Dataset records
────────────────────
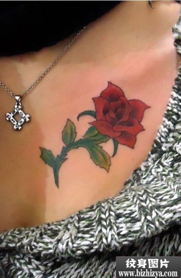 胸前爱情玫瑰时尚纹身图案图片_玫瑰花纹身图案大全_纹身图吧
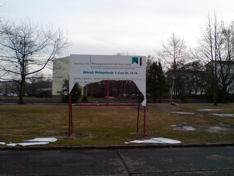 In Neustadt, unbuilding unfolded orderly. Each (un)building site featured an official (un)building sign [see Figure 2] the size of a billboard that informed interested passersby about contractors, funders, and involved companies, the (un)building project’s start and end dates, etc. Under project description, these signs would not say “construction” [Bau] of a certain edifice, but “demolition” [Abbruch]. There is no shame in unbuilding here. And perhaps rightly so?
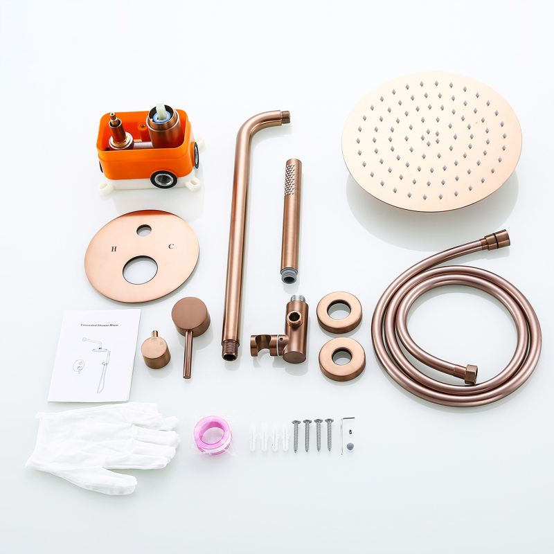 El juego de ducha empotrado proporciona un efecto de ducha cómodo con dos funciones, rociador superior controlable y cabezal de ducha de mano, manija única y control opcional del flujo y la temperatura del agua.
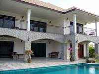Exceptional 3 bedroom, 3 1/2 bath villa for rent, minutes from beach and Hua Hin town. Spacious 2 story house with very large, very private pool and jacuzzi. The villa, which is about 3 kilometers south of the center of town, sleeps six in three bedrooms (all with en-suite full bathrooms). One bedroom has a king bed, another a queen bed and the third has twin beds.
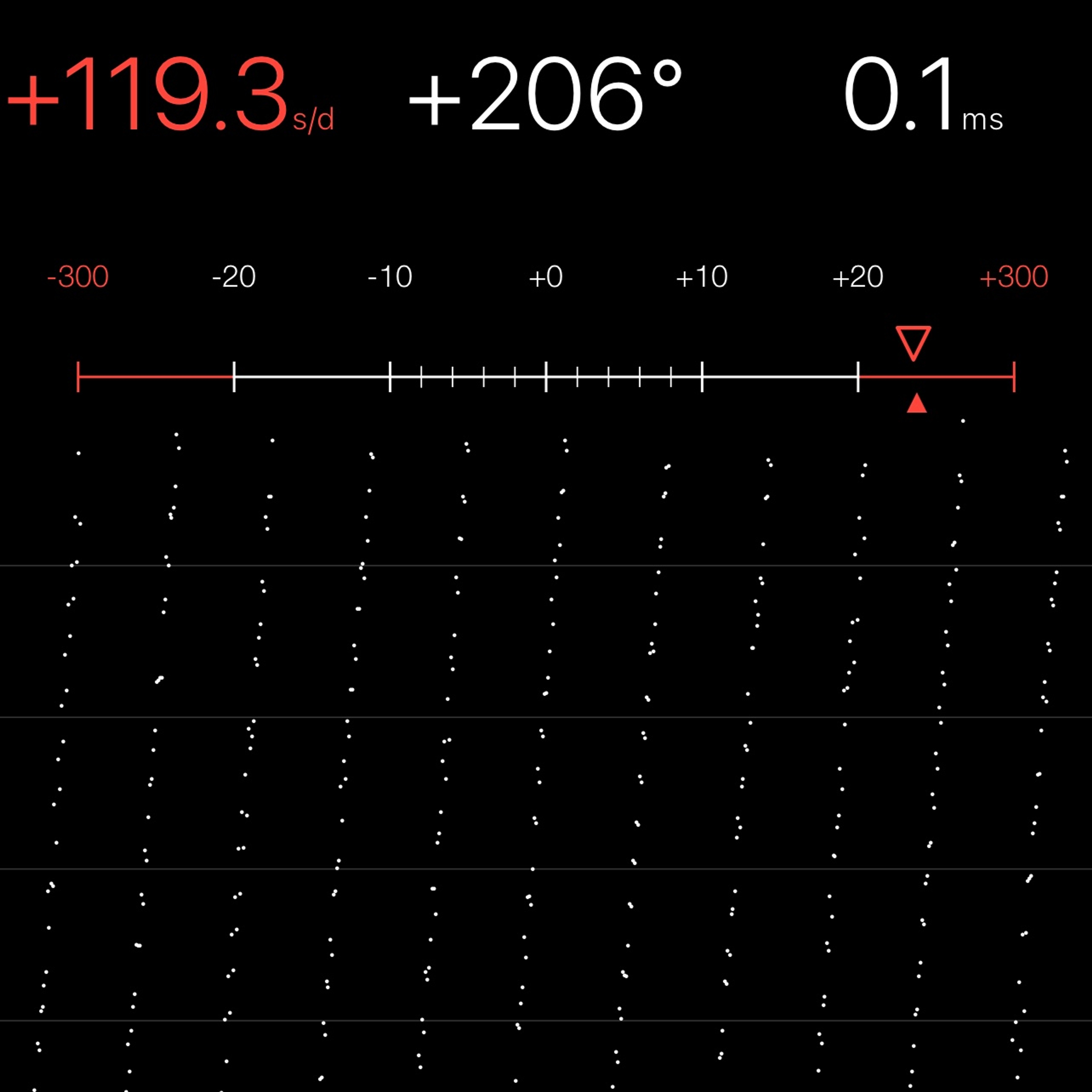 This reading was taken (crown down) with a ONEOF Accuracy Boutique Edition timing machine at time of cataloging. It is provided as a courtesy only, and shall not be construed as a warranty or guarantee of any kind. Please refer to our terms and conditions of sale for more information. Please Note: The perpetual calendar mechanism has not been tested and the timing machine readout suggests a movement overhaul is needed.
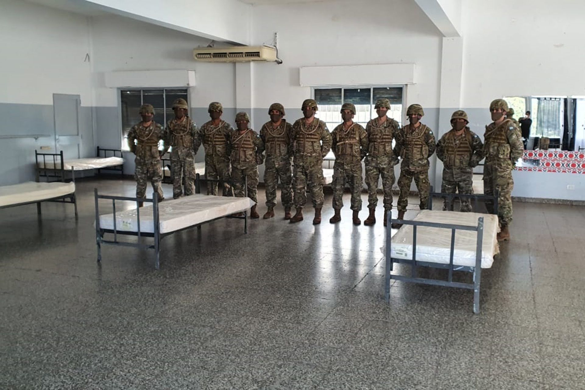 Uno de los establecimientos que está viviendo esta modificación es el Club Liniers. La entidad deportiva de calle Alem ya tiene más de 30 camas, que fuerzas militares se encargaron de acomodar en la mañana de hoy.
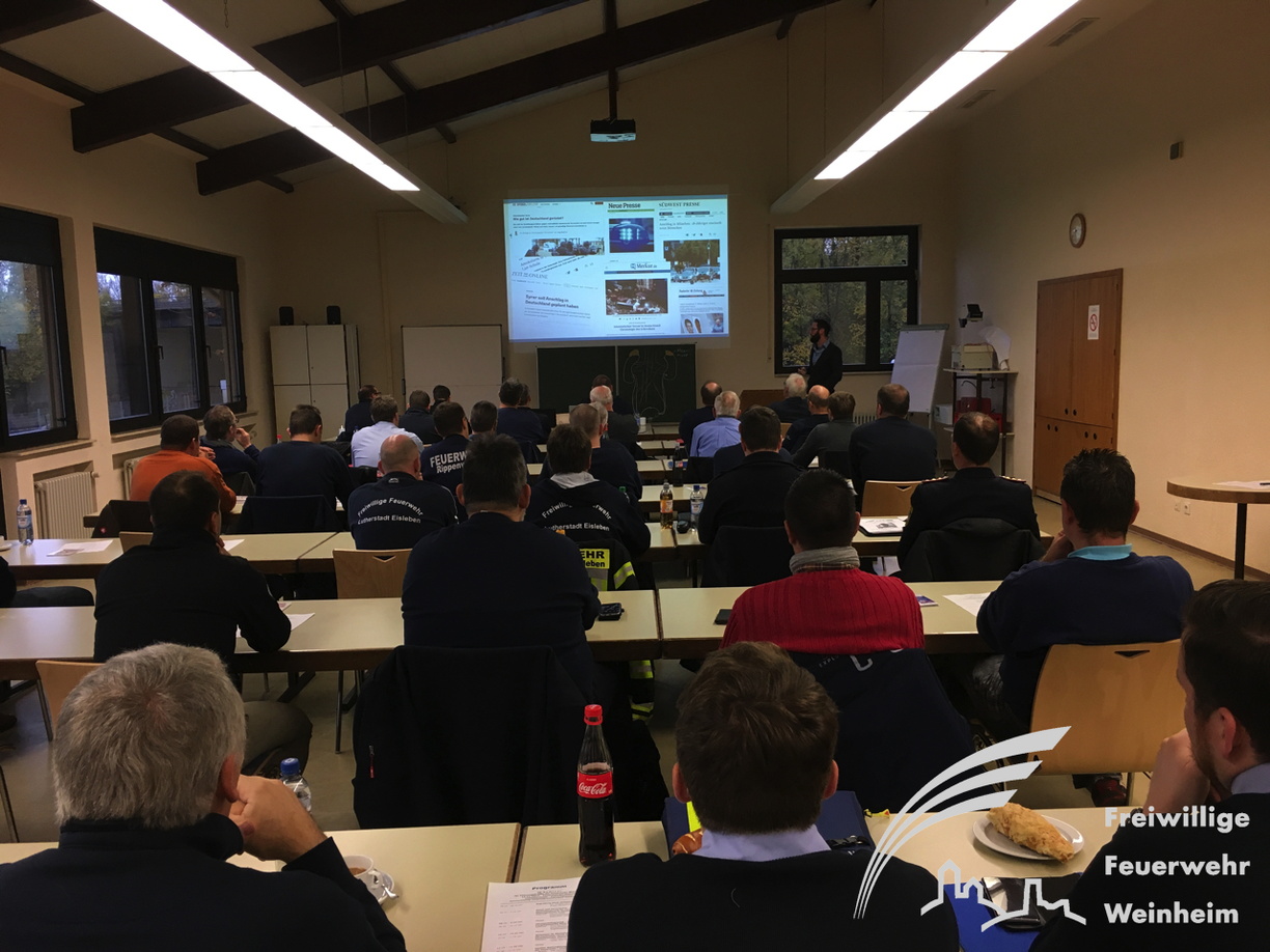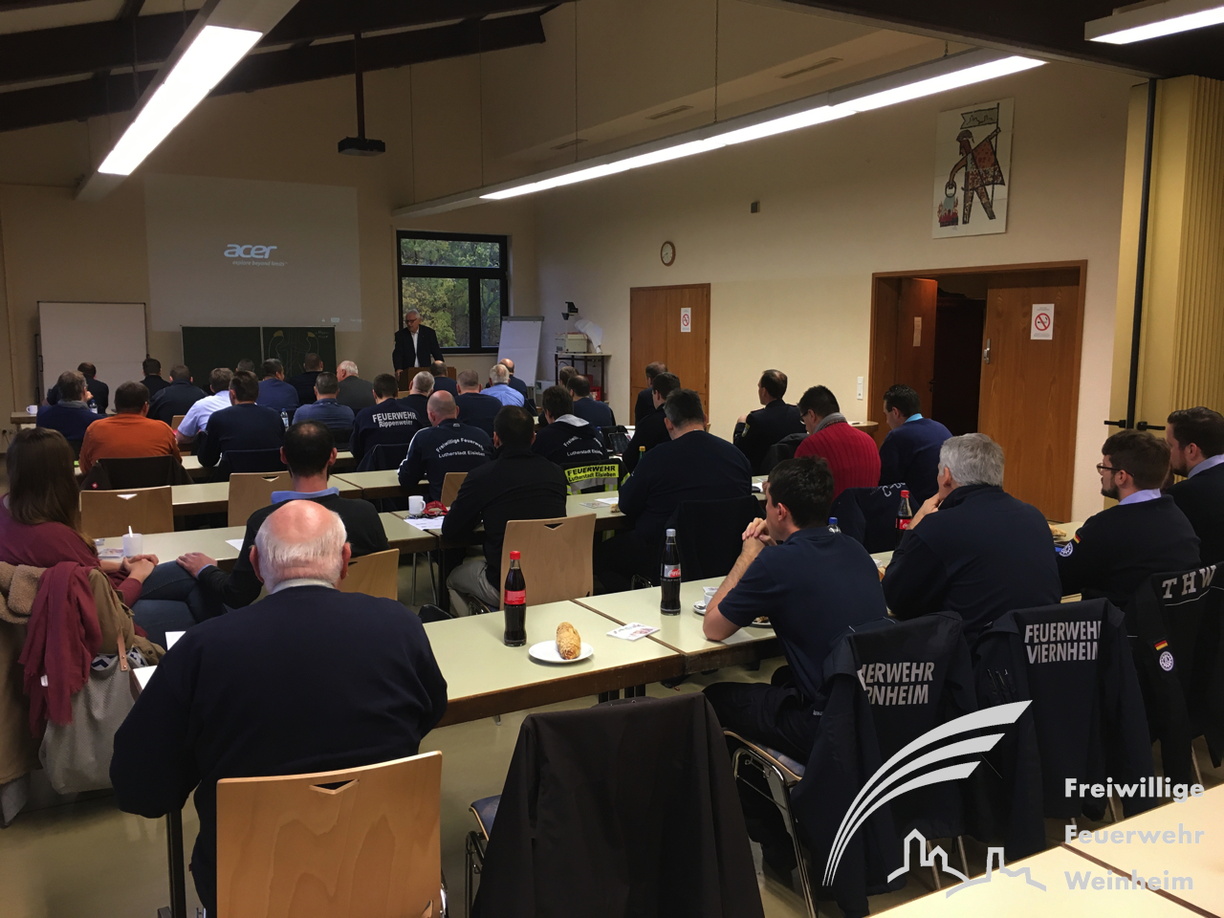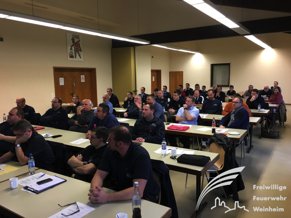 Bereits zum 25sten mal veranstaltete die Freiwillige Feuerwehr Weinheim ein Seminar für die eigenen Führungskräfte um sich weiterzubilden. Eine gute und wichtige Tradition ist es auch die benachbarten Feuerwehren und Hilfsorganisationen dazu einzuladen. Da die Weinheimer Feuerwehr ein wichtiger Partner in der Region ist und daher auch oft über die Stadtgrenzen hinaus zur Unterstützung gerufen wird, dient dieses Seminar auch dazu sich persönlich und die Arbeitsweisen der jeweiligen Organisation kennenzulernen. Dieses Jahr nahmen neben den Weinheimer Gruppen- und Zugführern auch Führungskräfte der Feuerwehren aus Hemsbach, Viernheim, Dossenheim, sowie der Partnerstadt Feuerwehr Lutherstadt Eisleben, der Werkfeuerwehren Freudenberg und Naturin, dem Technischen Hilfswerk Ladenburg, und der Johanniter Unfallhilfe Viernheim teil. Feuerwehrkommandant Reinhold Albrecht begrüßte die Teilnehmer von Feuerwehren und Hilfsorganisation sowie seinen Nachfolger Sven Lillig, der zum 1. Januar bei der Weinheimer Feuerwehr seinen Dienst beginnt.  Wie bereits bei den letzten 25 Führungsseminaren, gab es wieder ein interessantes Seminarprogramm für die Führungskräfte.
────────────────────
PROMPT:
Restate exactly, please, only the lines between the start of the data and the line containing "El juego de", both ends included, skipping the pictures.

ANSWER:
 胸前爱情玫瑰时尚纹身图案图片_玫瑰花纹身图案大全_纹身图吧
 In Neustadt, unbuilding unfolded orderly. Each (un)building site featured an official (un)building sign [see Figure 2] the size of a billboard that informed interested passersby about contractors, funders, and involved companies, the (un)building project’s start and end dates, etc. Under project description, these signs would not say “construction” [Bau] of a certain edifice, but “demolition” [Abbruch]. There is no shame in unbuilding here. And perhaps rightly so?
 El juego de ducha empotrado proporciona un efecto de ducha cómodo con dos funciones, rociador superior controlable y cabezal de ducha de mano, manija única y control opcional del flujo y la temperatura del agua.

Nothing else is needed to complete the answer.